Question

A particular manufacturing design requires a shaft with a diameter between 23.92 and 24.018 mm. The manufacturing process yields shafts with diameters normally distributed, with a mean of 24.003 and standard deviation of .006.
a) for this process what is the proportion of shafts with a diameter between of 23.92 and 24.00 mm.
b) The probability that the shaft is acceptable is ___
c) The diameter that will be exceeded by only .5% of shafts is __

Answer 1

Answer:

(a) More than 30.85%

(b) More than 99.38%

(c) Diameter that will be exceeded by only 0.5% of shafts is 24.018 mm.

Step-by-step explanation:

We are given that the manufacturing process yields shafts with diameters normally distributed, with a mean of 24.003 and standard deviation of .006.

Let X = shafts with diameters

So, X ~ N($\mu=24.003,\sigma^{2} = 0.006^{2}$)

The z score probability distribution is given by;

          Z = $\frac{X-\mu}{\sigma}$ ~ N(0,1)

(a) Probability that the proportion of shafts with a diameter between 23.92 and 24.00 mm = P(23.92 mm < X < 24 mm)

   P(23.92 < X < 24) = P(X < 24) - P(X $\leq$ 23.92)

   P(X < 24) = P( $\frac{X-\mu}{\sigma}$ < $\frac{24-24.003}{0.006}$ ) = P(Z < -0.5) = 1 - P(Z $\leq$ 0.5)
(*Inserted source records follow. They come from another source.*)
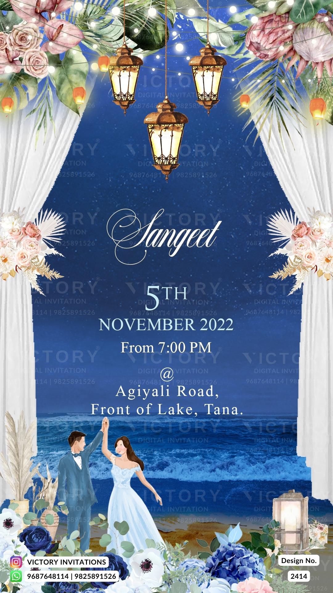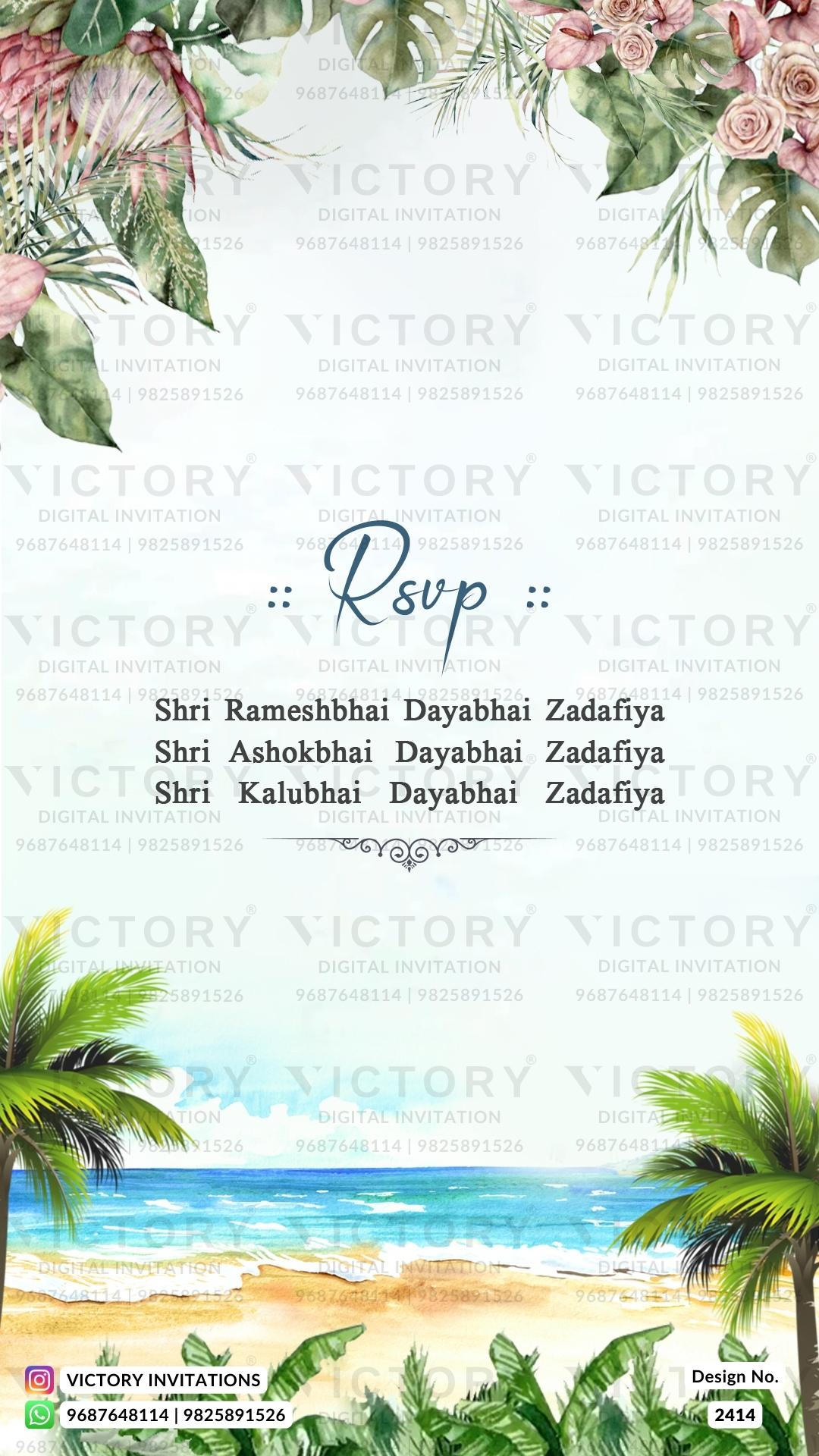 The Beach Theme of the Hindu Gujarati Charming couple caricature digital invitation card for wedding ceremony in green, orange, navy blue, pink splash, sky blue background color. This e-invite card is perfectly suitable for the Patel family and it's available in the English language. It includes elements such as a couple logo, green leaves, pink flowers, a coconut tree, a beach, string lights, a lantern, white curtains, a sangeet couple doodle, blue flowers, white flowers, yellow flowers, grey pillars, haldi doodle, wedding couple doodle, Mayra.
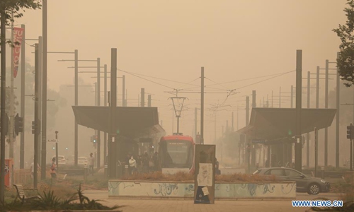 A light-rail station is shrouded in bushfire smoke in Canberra, Australia, Jan. 5, 2020. Australia's bushfire crisis, which has seen more than 1,500 homes destroyed and at least 23 confirmed deaths according to The Australian newspaper, were expected to be exacerbated by catastrophic conditions forecast for Saturday. (Photo by Chu Chen/Xinhua)
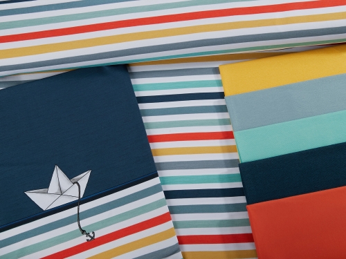 rainbow stripes ist der ideale Kombi-Stoff zu den ahoi stripes Panelen, aber auch einzeln vernäht ist er ein echter Hingucker.
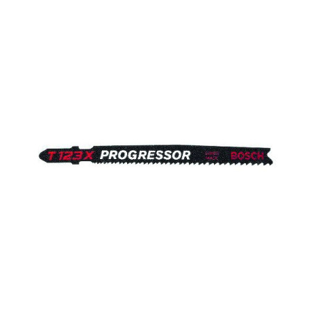 Lames de scie sauteuse T123XF Progressor for Metal - L 117 mm (lot de 5).Configuration de la denture : avoyé. fraisé.Domaines d'utilisation : Tôles minces à épaisses (1.5 - 10 mm). tuyaux + profilés (ø < 30 mm) y compris en aluminium.
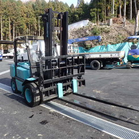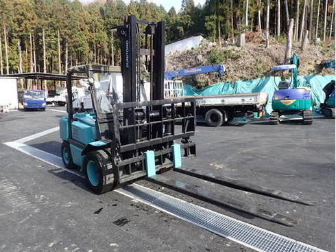 ※フォークリフト用強化板厚9mmのサヤフォークを取り付けています。
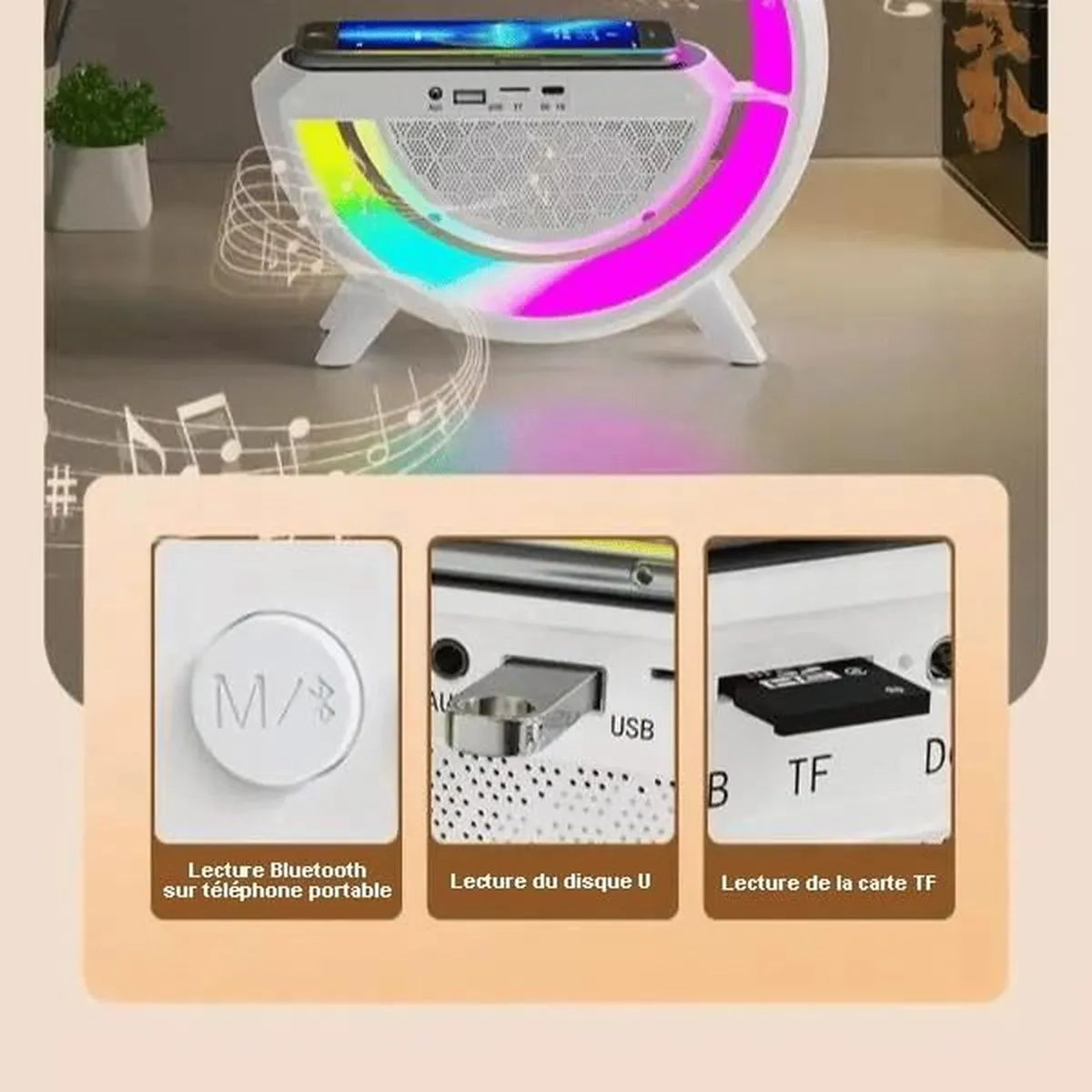 Enceinte Bluetooth Lampe D’ambiance RGB Audio et chargeur sans fil + USB / TF
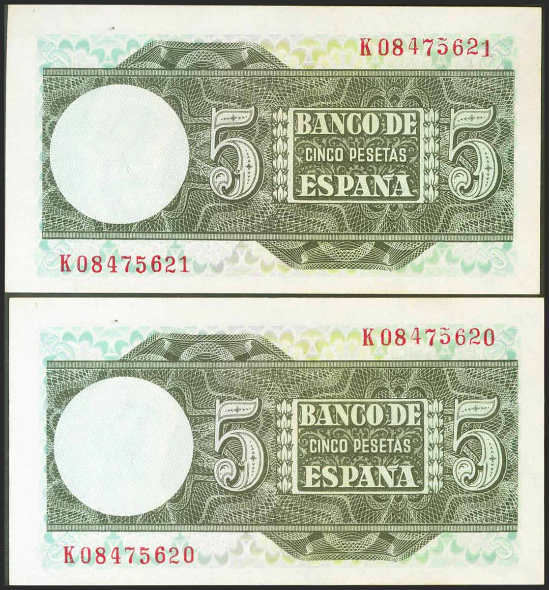 5 Pesetas. 5 de Marzo de 1948. Pareja correlativa. Serie K. (Edifil 2021: 455a). Apresto original. SC.
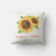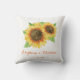 Den här kudden har solblommor. Anpassa den med namn och datum. Denna kudde ingår i uppsamlingen av solrosfärger i Bröllop, som omfattar matchande bröllop-kontorsmaterial som svarskort, informationskort, adressetiketter, klistermärken, program, möhippa och mycket annat. Besök insamlingssidan för att se det produktsortiment som du kan anpassa för bröllop.
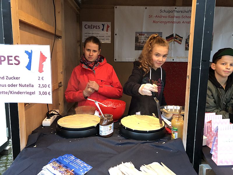 Als weiteres kulinarisches Highlight verkauften einige Schülerinnen und Schüler aus der 8c (Carolin, Benedikt, Nina, Anna, Vivian und Hannah) leckere Crêpes, welche sich ziemlich schnell als Verkaufsschlager herausstellten.
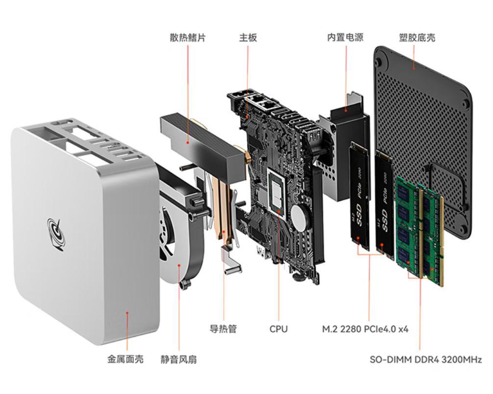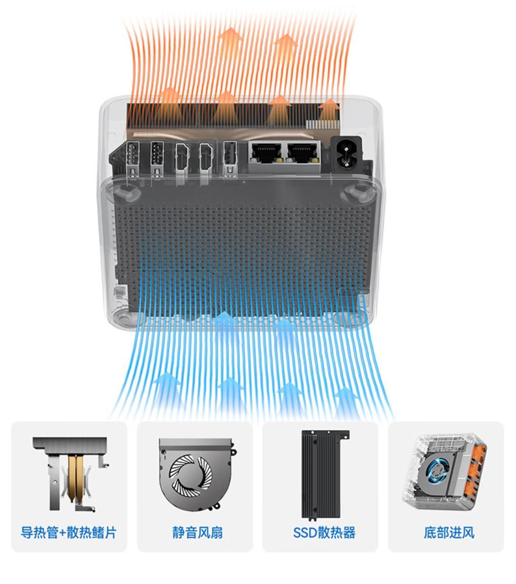 零刻EQi13 Pro現在用上了自研的MSC2.0熱處理系統,通過高效率的導熱管和散熱鰭片將核心的熱量快速攤開,接着,通過大尺寸的靜音風扇再把熱風排出去:

                                                     = 1 - 0.69146 = 0.30854

   P(X $\leq$ 23.92) = P( $\frac{X-\mu}{\sigma}$ $\leq$ $\frac{23.92-24.003}{0.006}$ ) = P(Z $\leq$ -13.83) = P(Z $\geq$ 13.83)

                                                                                        = Less than 0.0005%

Therefore, P(23.92 < X < 24) = 0.30854 -  Less than 0.0005% = More than 0.308535 or More than 30.85%

(a) Probability that the shaft is acceptable = P(23.92 mm < X < 24.018 mm)

   P(23.92 < X < 24.018) = P(X < 24.018) - P(X $\leq$ 23.92)

   P(X < 24.018) = P( $\frac{X-\mu}{\sigma}$ < $\frac{24.018-24.003}{0.006}$ ) = P(Z < 2.5) = 0.99379

   P(X $\leq$ 23.92) = P( $\frac{X-\mu}{\sigma}$ $\leq$ $\frac{23.92-24.003}{0.006}$ ) = P(Z $\leq$ -13.83) = P(Z $\geq$ 13.83)

                                                                                        = Less than 0.0005%

Therefore, P(23.92 < X < 24.018) = 0.99379 -  Less than 0.0005% = More than 0.993785 or More than 99.38%

(c) We have to find the diameter that will be exceed by only 0.5% of shafts, which means ;

   P(X > x) = 0.005

   P( $\frac{X-\mu}{\sigma}$ > $\frac{x-24.003}{0.006}$ ) = 0.005

    P(Z > $\frac{x-24.003}{0.006}$ ) = 0.005

Now in the z table the critical value of X which have an area greater than 0.005 is 2.5758, i.e.;

          $\frac{x-24.003}{0.006}$  = 2.5758

      $x$ - 24.003 = $2.5758 \times 0.006$

                    $x$  = 24.003 + 0.01545 = 24.018 ≈ 24

So, the diameter that will be exceeded by only 0.5% of shafts is 24.018 mm.